Banks Not Required to Capitalize OREO Costs

The Office of the Chief Counsel of the Internal Revenue Service has issued a Legal Memorandum (Number AM2013-001, dated March 1, 2013) (the “Memorandum”), which has important implications and represents a victory for lenders who have acquired Other Real Estate Owned (“OREO”) through foreclosure or deeds in lieu of foreclosure. The Memorandum appears to reverse an August 12, 2012 Field Attorney Advice issued by Associate Area Counsel in Detroit, Michigan (FAA 20123201F) that held costs associated with OREO property must be capitalized under I.R.C. §263A.

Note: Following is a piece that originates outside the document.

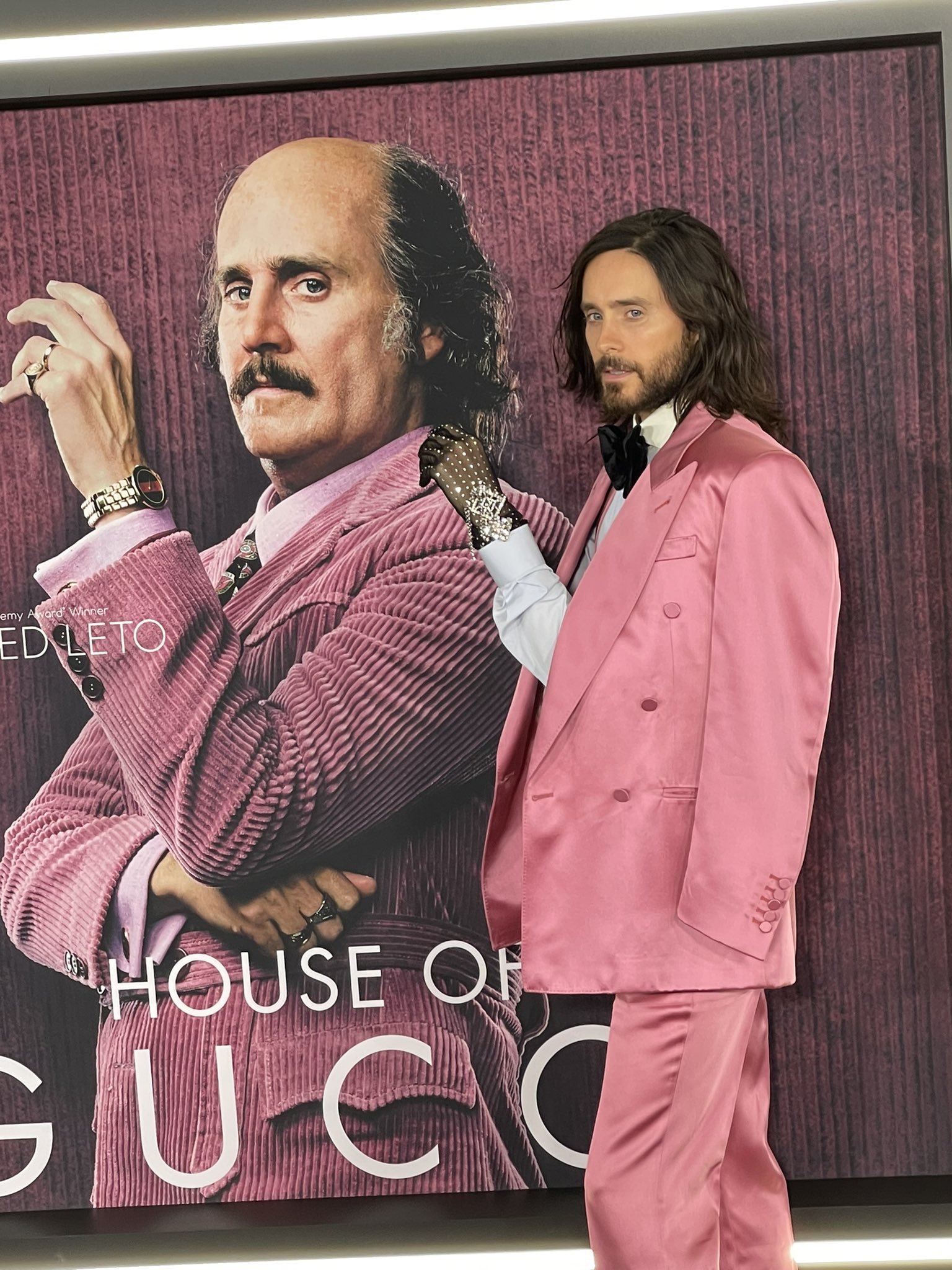 Jared Leto who plays Paolo Gucci in the film arrived on the carpet in a fashionable pink suit striking a stark contrast to the extreme transformation he underwent for.

Generally, after a borrower defaults on a mortgage loan, the lender will commence foreclosure proceedings against the property for the purpose of acquiring title to the property. Often, a borrower may voluntarily transfer title to the property through a “deed in lieu of foreclosure” in exchange for a release of the remaining debt obligation in excess of the value of the property at the time of the deed in lieu of foreclosure. The Memorandum addresses the issue of whether property acquired through foreclosure or by deed in lieu of foreclosure is considered to be acquired for resale to customers in the ordinary course of the bank’s business. Historically, many banks have deducted expenses associated with OREO property currently rather than capitalizing them.